Hi, I made a bug on github about an issue I’ve been having with LibreNMS, but it was closed as a support issue so I’m hoping someone here can point me in the right direction.
I am monitoring Docker containers on Truenas Scale using the official Docker agent.
The problem I am having is that all of my CPU-heavy containers render with gaps when the CPU usage is too high. Here is an example CPU graph:
The graph is visible in places, but on others it is a series of short lines or even completely blank for large stretches of time. The host has 40 cores, 80 with hyperthreading so I don’t believe this is a lack of CPU power on the host. I don’t see any signs of a timeout in the logs or the poller timing graphs. Polling always completes before the start of the next poll cycle.

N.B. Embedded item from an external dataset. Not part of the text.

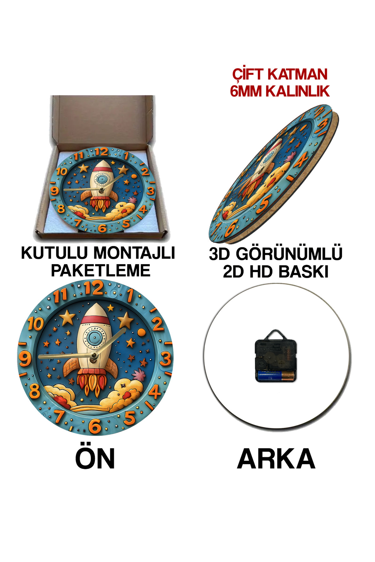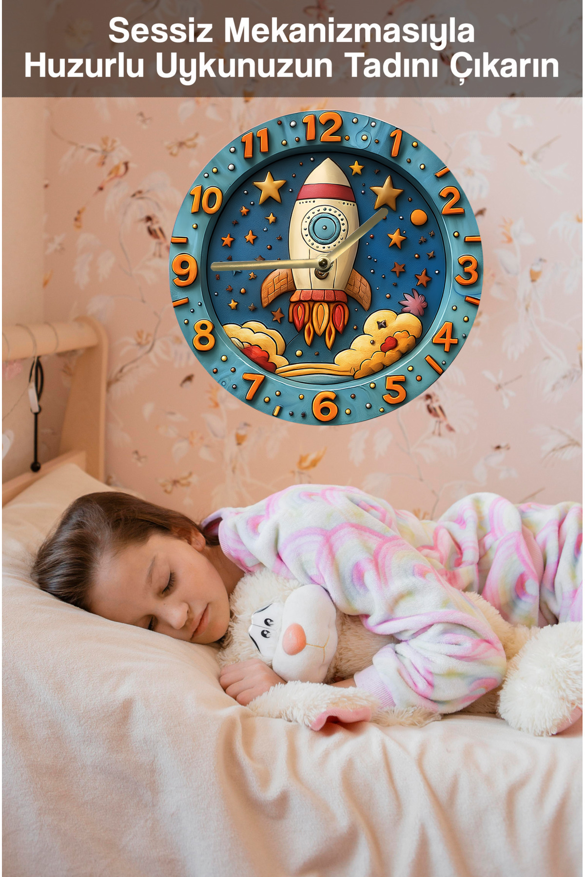 Roket ve Uzay Temalı Çocuk MDF Duvar Saati – 3D Görünümlü, 2D HD Baskı, Sessiz Mekanizma sdw236
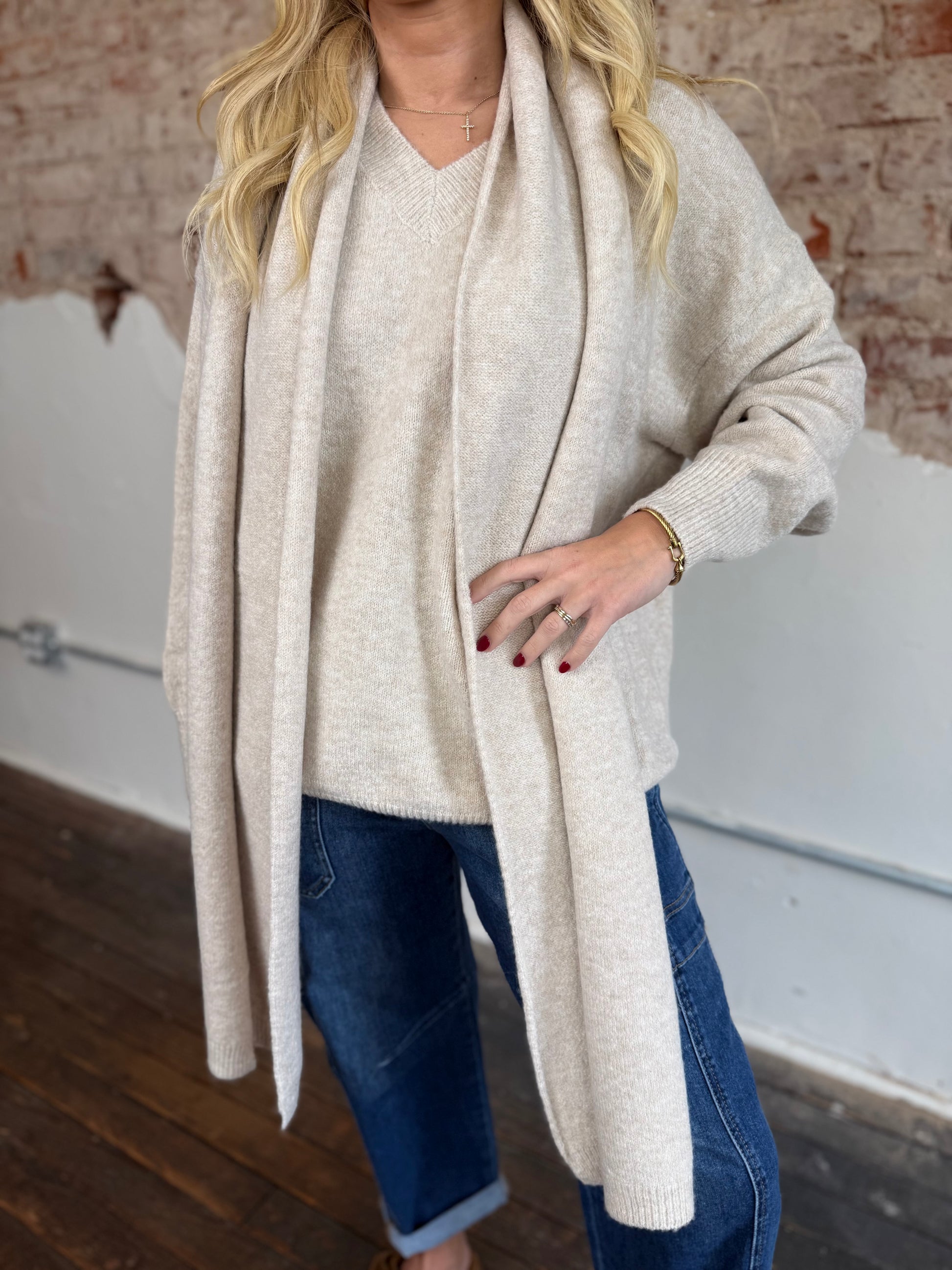 CREAM MARBLED OVERSIZED, V NECK, TRADITIONAL SWEATER WITH SCARF

As evidence that polling is working fine, here is a memory graph over the same time period:
There are no issues here. All graphs other than CPU similarly render with no gaps. To me, this is strong evidence that SNMP is not timing out and the docker agent script is running on the host successfully.
I did some troubleshooting on my own and it looks like the docker agent can report CPU usage above 100%. For the docker container above, I allocated 8 CPUs and docker-stats.py
reports "cpu": "767.23%"
. That lines up pretty well with how Linux’s top
utility works; I’m not sure if this is a side effect of the platform (Linux) of the host or if the Docker command that docker-stats.py
invokes deliberately does this.
My hypothesis here is that LibreNMS expects the CPU graph to always be between 0 and 100%, but doesn’t account for this behavior and so it discards everything out of that range. It matches what I tend to see, where the graph renders fine when I know the container was mostly idle, but has gaps and disappears when I know it was being used heavily. My guess here is that removing the 100% limit should remove the gaps.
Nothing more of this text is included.